Drew Brooks: Challenge to Aid Semper Fi Fund
Drew Brooks (@DrewBrooks), Fayetteville Observer
Throughout the end of the year, every donation to the Semper Fi Fund will be matched by the Bob and Renee Parsons Foundation and GoDaddy as part of the 10 Makes 20 Matching Challenge. Funds raised will support wounded, critically ill, and injured service members and their families like Sgt. Cory Muzzy. Muzzy was injured in an artillery accident on Fort Bragg and the Semper Fi Fund has provided financial support to him and his family since the incident. Through the campaign, the Semper Fi Fund and America’s Fund could receive as much as $20 million to continue supporting service members like Muzzy. Learn more at –MC

This Lock Could be the Smartest Gun Safety Device Yet
Chris Weller (@chrisweller), Tech Insider
Guardian is a first-of-its-kind biometric trigger lock for handguns that prevents a firearm from being used by anyone except authorized users. Created by two Air Force veterans, the lock has the ability to prevent household accidents, especially those involving children. Veri-Fire has less than three weeks to raise about $80,000 through its Indiegogo crowdfunding campaign. Check it out and support the initiative here. –MC

The Source: Women in Combat
Paul Flahive (@paulflahive), Texas Public Radio
USMC Lieutenant Colonel Kate Germano, an advisor in her personal capacity for the Service Women’s Action Network, discussed the topic of women in combat with Texas Public Radio. Defense Secretary Ash Carter recently announced that all military positions would be opened to women. –MC

Quick Hits:

Joint Billet Requirements, Chain of Command Under Review
Andrew Tilghman (@andrewtilghman), Military Times
Defense Secretary Ash Carter has called for a review of the 1986 Goldwater-Nichols Act which redefined the department’s organizational structure. Officials say that Carter believes it is important to reevaluate and ensure that the DoD is working efficiently. –MC

Survivor Benefit Offset Needs Fix, Family Advocates Say
Leo Shane (@LeoShane), Military Times
Last week, The Military Coalition lobbied lawmakers to change aspects of the Defense Department’s Survivor Benefit Plan payouts and the Veterans Affairs Dependency and Indemnity Compensation Program.
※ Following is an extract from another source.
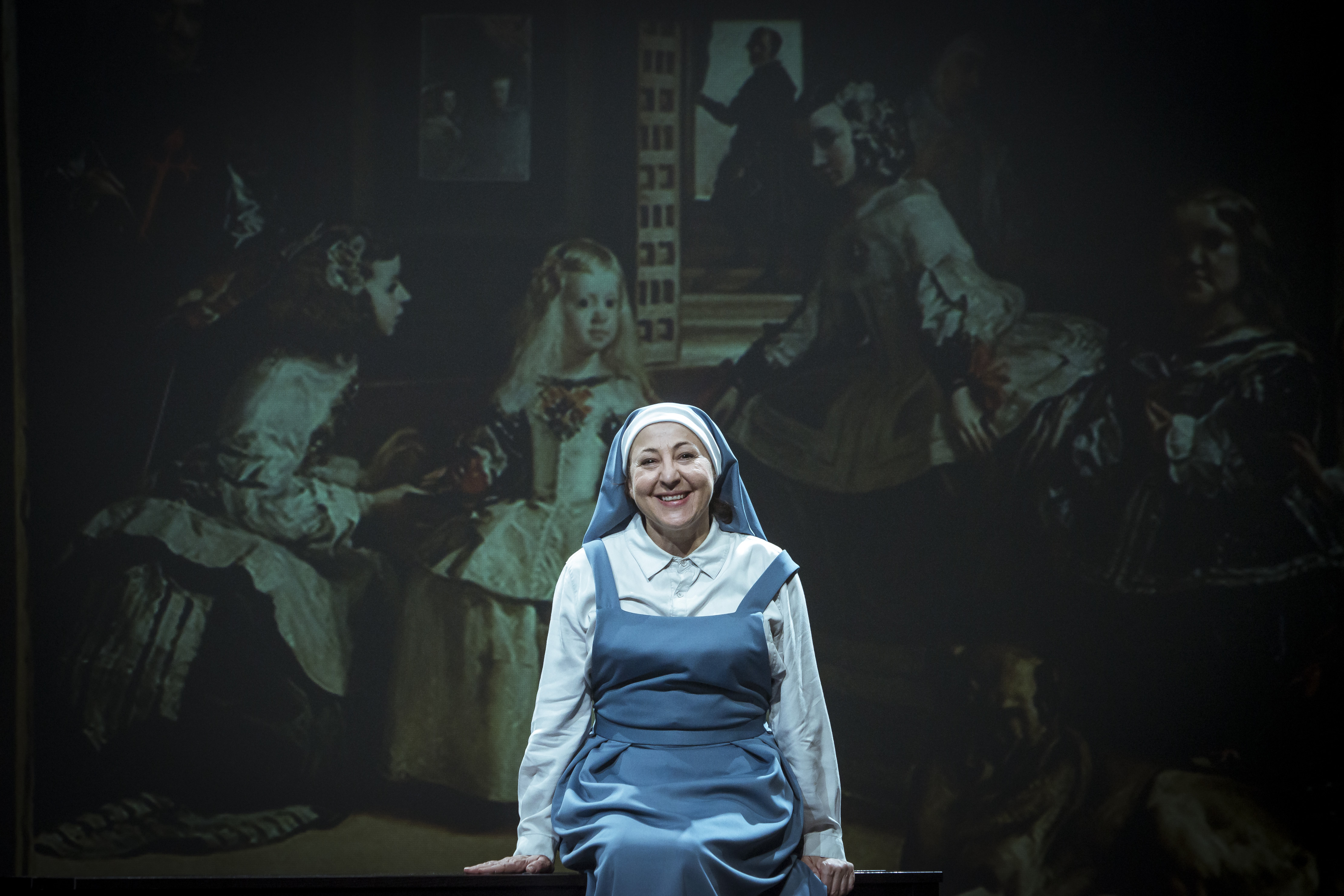 El otro tema principal de la obra tiene que ver con el arte y con la condición de artista. La pintura y su historia está entre las pasiones confesas de Ernesto Caballero, que además se licenció en Historia del Arte. No es casual la elección de una monja copista, como tampoco lo es la elección de un cuadro como Las meninas, una obra en la que, por vez primera en la Historia, su autor se reivindica como artista, formando parte de la propia obra. Enfrente tiene a una artesana cuya individualidad, por su condición de monja, queda diluida, y por su condición de copista tiene una relación con el arte artesanal, de artista sin conciencia de serlo. “Todo esto -explica el director- me servía para reflexionar sobre cómo ha cambiado la modernidad la propia condición del artista, reivindicando su subjetividad. Por eso surgen las vanguardias tras el Romanticismo, herederas de esa reivindicación de la individualidad creadora. Esta monja se ve tentada en la noche, mientras trabaja copiando Las meninas, por el vigilante del Museo del Prado y va despertando en ella esa pulsión. En ese sentido, en la función surgen arrebatos y trances de posesión, que en este caso no es demoníaca, sino vanguardista. Igual que en El exorcista la poseída profiere latinajos, Ángela, nuestra monja, lo que dice son manifiestos futuristas. En un momento dado se ve como transformada en una suerte de Marina Abramovic. Es un juego teatral muy divertido que Carmen Machi despliega con brillantez, como no puede ser de otra manera”. Claro, es que la Machi… ¡es mucha Machi!

When a fallen service member qualifies for both programs, a family can lose up to $15,000 in payouts because of rules that prevent “double-dipping”. –MC

Good News: Federal Worker Morale has Finally Bottomed Out. Bad News: It’s Still Terrible.
Lisa Rein (@reinlwapo), The Washington Post
A new survey released last week on job satisfaction within the Secret Service reflected a trend of low morale among government employees across agencies. Morale began to drop in 2010 when our nation faced sequestration. Many employees said that they were not recognized for hard work and poor performance goes unpunished. The Department of Veterans Affairs and the Army are in the bottom ranking among large agencies in terms of employee satisfaction. –MC

Tradeshows & Conferences

No major tradeshows or conferences this week.

Congressional Hearings


Veterans’ Affairs: Keeping the Promise for Arizona Veterans: The VA Choice Card, Management, Accountability and Phoenix VA Medical Center When: 11:00 AM, Monday, December 14, 2015 Where: Gilbert Town Hall, 50 Civic Center Drive, Gilbert, Arizona

Armed Services: Nominations – Murphy, Davidson & Disbrow Who: Honorable Patrick J. Murphy, to be Under Secretary Of The Army, Dr. Janine Anne Davidson to be Under Secretary Of The Navy, Honorable Lisa S. Disbrow, to be Under Secretary Of The Air Force When: 9:30 AM, Tuesday, December 15, 2015 Where: G50 Dirksen

Veterans’ Affairs: Is Transition Assistance on Track? When: 2:30 PM, Tuesday, December 15, 2015 Where: 418 Russell

Think Tanks & Other Events

No events this week.

For a full list of upcoming events, visit our website.

Fred WellmanFred Wellman, President ScoutComms, brings us his weekly review of veteran news via The Scout Report. Fred served over twenty years as an Army officer in both aviation and public affairs. Follow Fred on Twitter @ScoutComms.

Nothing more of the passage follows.